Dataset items
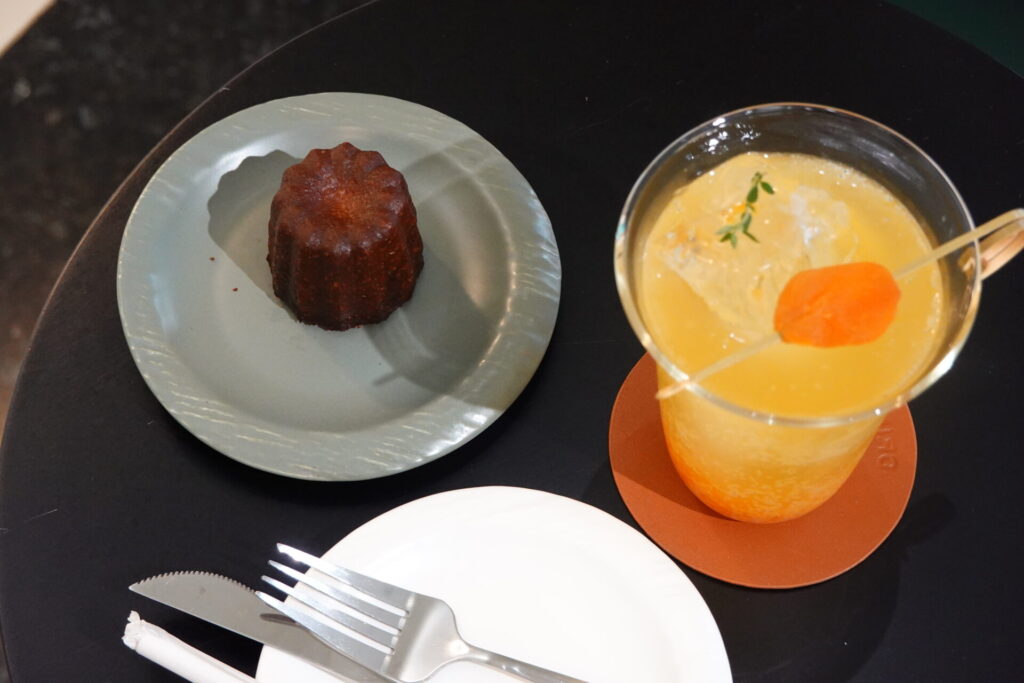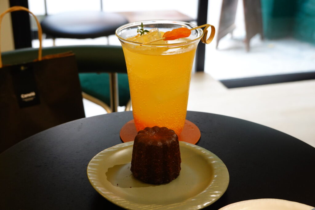 ペアリングに選んだアプリコットのスパークリングドリンクは、チアシードのプチプチ感と程よい酸味がカヌレの濃厚なバニラの余韻をさっぱりと整えてくれます。素晴らしい計算だった(自画自賛)。
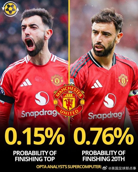 Opta超算预测,本赛季曼联英超垫底概率0.76%,大于夺冠概率0.15%
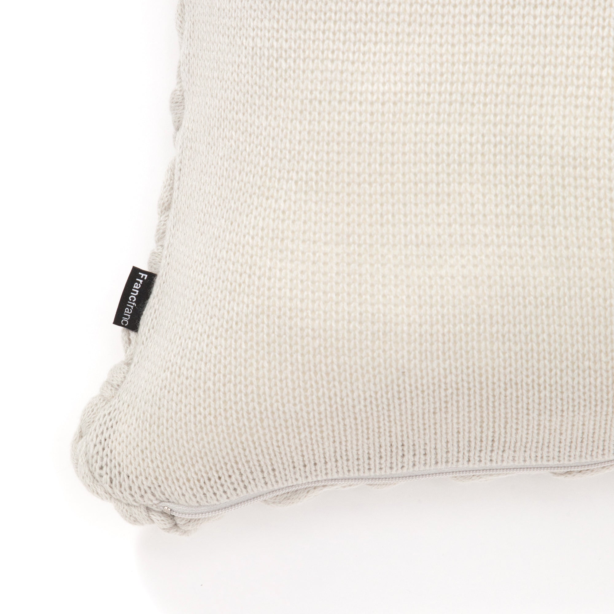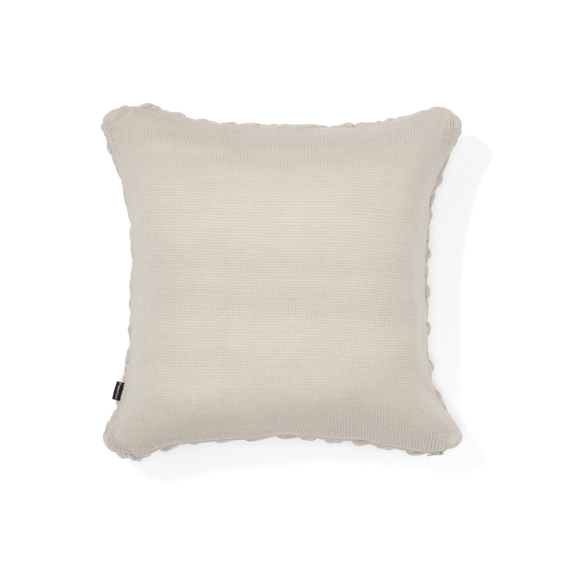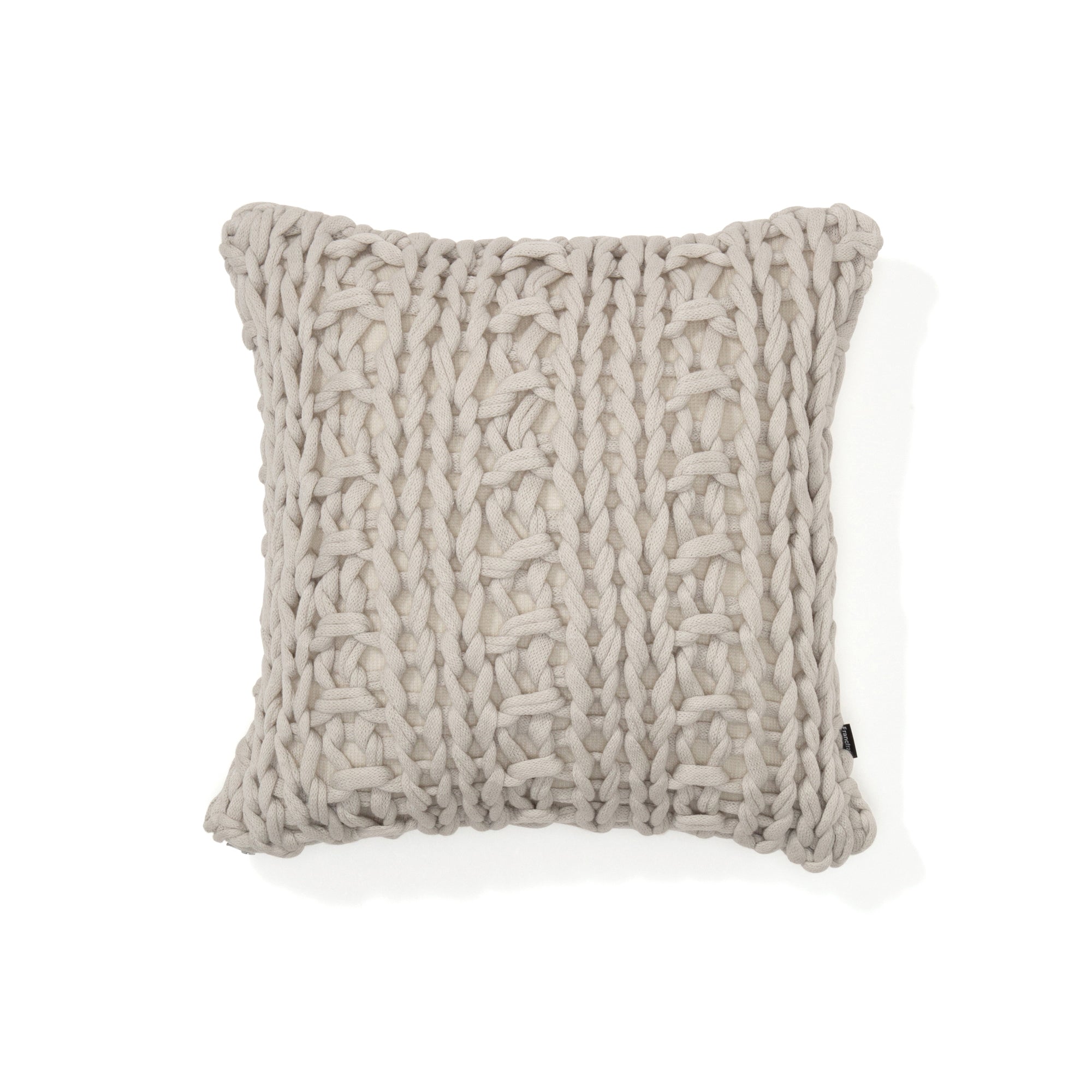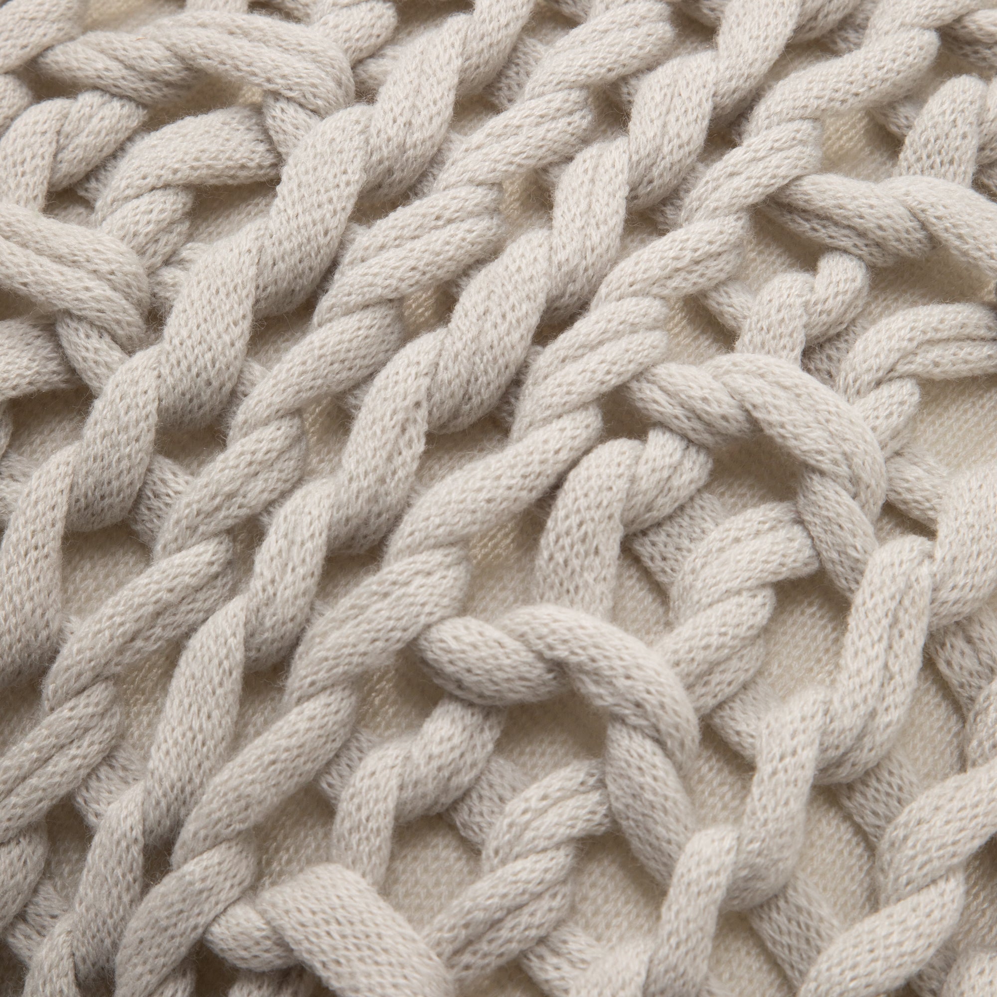 太い毛糸でざっくりと編み上げたようなシンプルなデザインのクッションカバーです。大きな網目は存在感があり温かみのある印象です。淡いグレーは様々な色と相性が良く、さりげないアクセントになります。
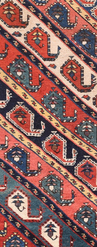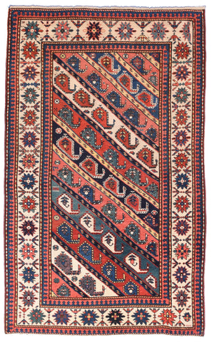 In the general Genje style with a field divided intyo diagonal bands in off white, green, red, rust, black and blue, with simple angular botehs in...
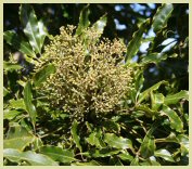 The fruits are much favoured by birds, and the leaves are used to treat ailments such as rheumatism and malaria. Seedlings only grow from seeds that passed through the digestive tracts of birds or other animals. Often propagated by nurseries, these trees make attractive garden plants but cannot tolerate severe frost. The bark is dark grey, longitudinally fissured, smooth and resinous.The leaves are compound digitate leaves with 3 to 5 oblong leaflets (9 to 18 cm long). The leaflets are leathery glossy and dark green above, paler beneath, with wavy or serrated margins, and clustered on long leaf stalks. The flowers are small, greenish-cream to yellowish, in umbles which are forming large bunches at the end of the branches. The fruit is dark red, small and round fruits borne in loose clusters. The wood is white or yellow, moderately soft, straight-grained and free of knots.
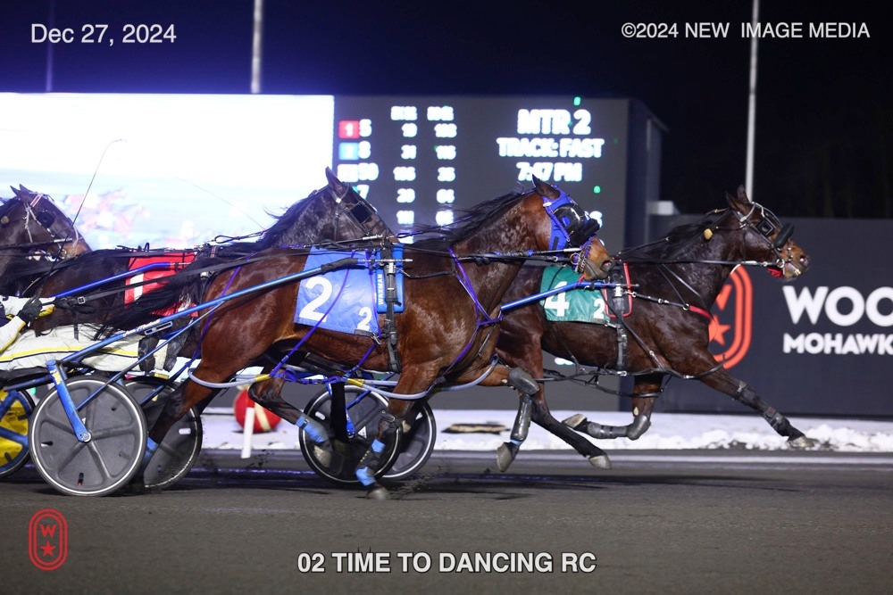 After a lifetime on the Eastern Ontario/Quebec harness racing circuit, Time To Dancing (Time To Roll) flew late to win his second-ever start at Woodbine Mohawk Park in the Pop-up Series consolation on Friday (Dec. 27).

- [Task to complete]: Here the job is to copy the stretch of records from the line containing "Opta超算预测,本赛季曼联英超垫底概率0.76%,大于夺冠概率0.15%" through the line containing "In the general", word for word. Leave every picture out.

- [Solution]:
 Opta超算预测,本赛季曼联英超垫底概率0.76%,大于夺冠概率0.15%
 太い毛糸でざっくりと編み上げたようなシンプルなデザインのクッションカバーです。大きな網目は存在感があり温かみのある印象です。淡いグレーは様々な色と相性が良く、さりげないアクセントになります。
 In the general Genje style with a field divided intyo diagonal bands in off white, green, red, rust, black and blue, with simple angular botehs in...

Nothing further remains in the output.